In his 1974 book “Obedience to Authority,” Milgram asked, “Could it be that Eichmann and his million accomplices in the Holocaust were just following orders? Could we call them all accomplices?”
Generalizing his findings beyond questions about the Holocaust, he concluded that “ordinary people, simply doing their jobs, and without any particular hostility on their part, can become agents in a terrible destructive process. Moreover, even when the destructive effects of their work become patently clear, and they are asked to carry out actions incompatible with fundamental standards of morality, relatively few people have the resources needed to resist authority.”
Of course, the Holocaust was infinitely worse than any amount of student test results manipulation, yet if the Milgram study illustrates how readily so many will shock others, and if the Holocaust illustrates how readily so many will send others to their deaths, it’s not at all difficult to imagine that some educators might manipulate test scores if pressured by higher authorities.
That’s not to say manipulating test scores (or shocking participants in an experiment) is excusable; it’s simply to suggest that current national accountability policy creates an environment in which we should not be surprised that some people behaved badly. Perhaps we should be surprised, pleased, and perhaps even awed that the vast majority remained steadfast to their core educational beliefs and focused on doing what they knew was best for their students.
Given we’re so incessantly disposed to finger pointing, who in relation to No Child would you choose as the equivalent to Hitler and Eichmann?
Far more importantly, how might you suggest the-beatings-will-continue-until-morale-improves-prone policymakers rethink education policy so that we might begin making public education better rather than continuing to tear it apart?
Will “Race to the Top” correct the mistakes of NCLB or is it just working around the edges of the same underlying approach?
I find this lesson from Milgram’s later work of interest: When a peer, told privately to refuse to administer high shock, was “planted” in the room, almost all of the participants also refused to administer high shock.
Unfortunately, teachers who objected to cheating or refused to cheat were frequently threatened, punished or fired, and others learned that lesson. Perhaps, if teachers were treated as respected professionals rather than as serfs (and scapegoats), they might have been heard when they spoke and we never would have had the sad tragedy of Georgia’s cheating scandals. But then if teachers were treated as respected professionals, perhaps we would never have had the inexcusable travesty of NCLB in the first place.
–From Maureen Downey, for the AJC Get Schooled blog
193 comments Add your comment
Top School
December 28th, 2011
10:13 pm
Yes …@ Beverly Fraud…look up the issues with Top School and GAE…The are all in the same “hood”.
@ Lori Ballington …on the same page. Not looking for money…looking for justice. And I wanted to know the Georgia Professional Standards Commission was a safety net for reporting wrong doing.
WRONG…We took it all the way to the Federal Court House…ALL SYSTEMS FAILED.
http://www.TopPublicSchoolCorruptionAtlanta.com
I’ve been blogging about the RETALIATION for 10+ years.

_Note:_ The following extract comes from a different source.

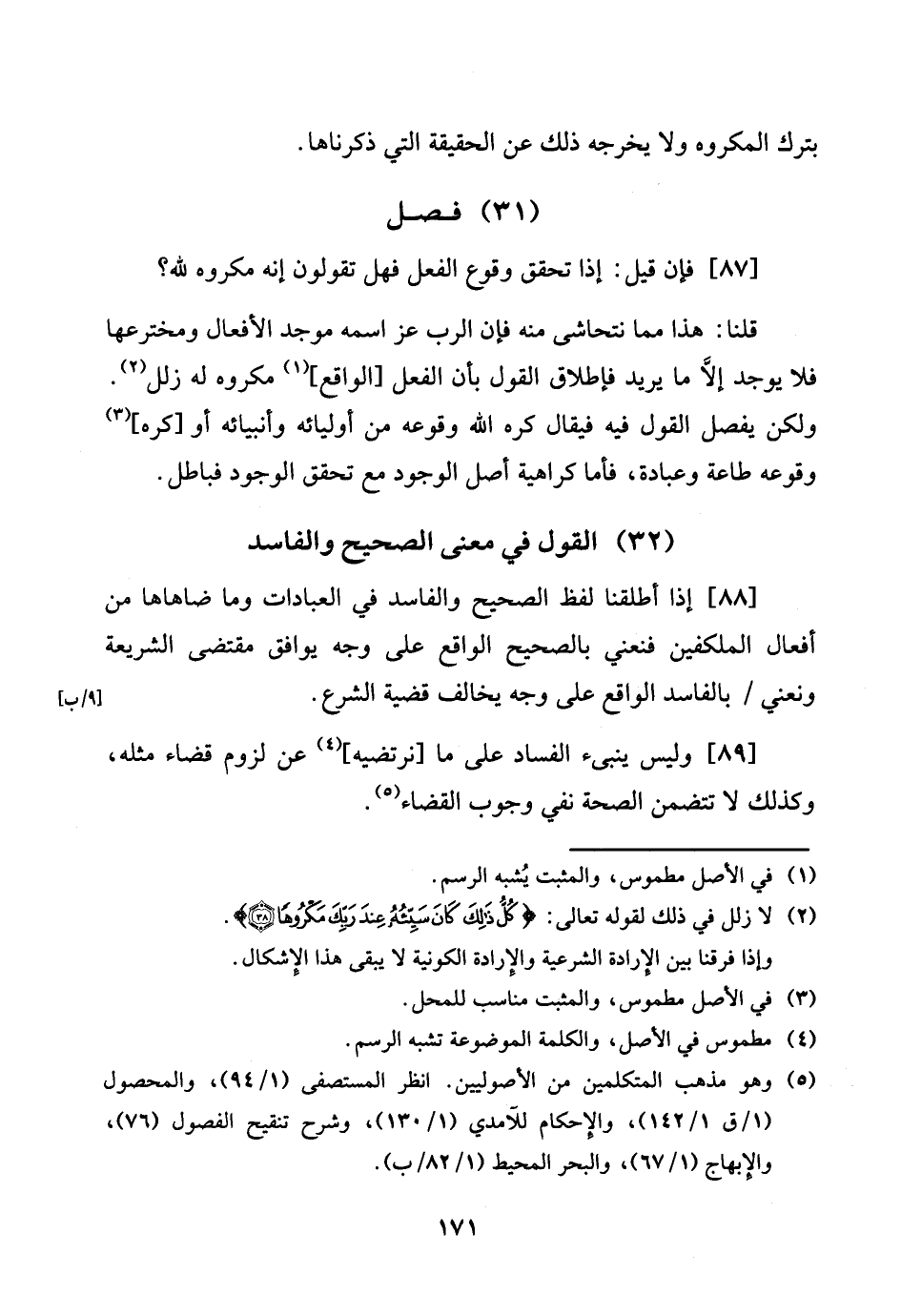 [87] فَإِن قيل: إِذا تحقق وُقُوع الْفِعْل فَهَل تَقولُونَ إِنَّه مَكْرُوه لله؟

Nobody listens…and nobody cares.
Top School
December 28th, 2011
10:16 pm
So why are my comments under moderation AGAIN ???
Jerry Eads
December 28th, 2011
10:16 pm
HI Monica – yes, I know. I’ve been doing ed policy work for nigh on three decades, and hence have some sense of the various versions of the history of education. Treating teachers as professionals doesn’t suggest we should have anarchy. That likely wouldn’t work in education any more than it would in medicine, but at the same time, the competent practitioner must meet the highly complex needs of each and every student or patient. Neither anarchy nor one size fits all meets the needs of the children or society. I might note, by the way, that my read of research suggests that autopromotion seems seldom the “fault” of the teacher, but rather meets the needs of administration.
Jordan: Nicely said, but Monica (I think that’s who said it) is correct – the bubble test took center stage because they’re (relatively) DIRT cheap. We (and I was truly honored to have been a part of the effort) tried to develop more complex assessment systems (performance & portfolios) in the late 80’s early 90’s under the guidance of Lauren Resnick. Many lessons learned – not the least of which was if we were going to do large scale performance assessment it was going to be REALLY expensive.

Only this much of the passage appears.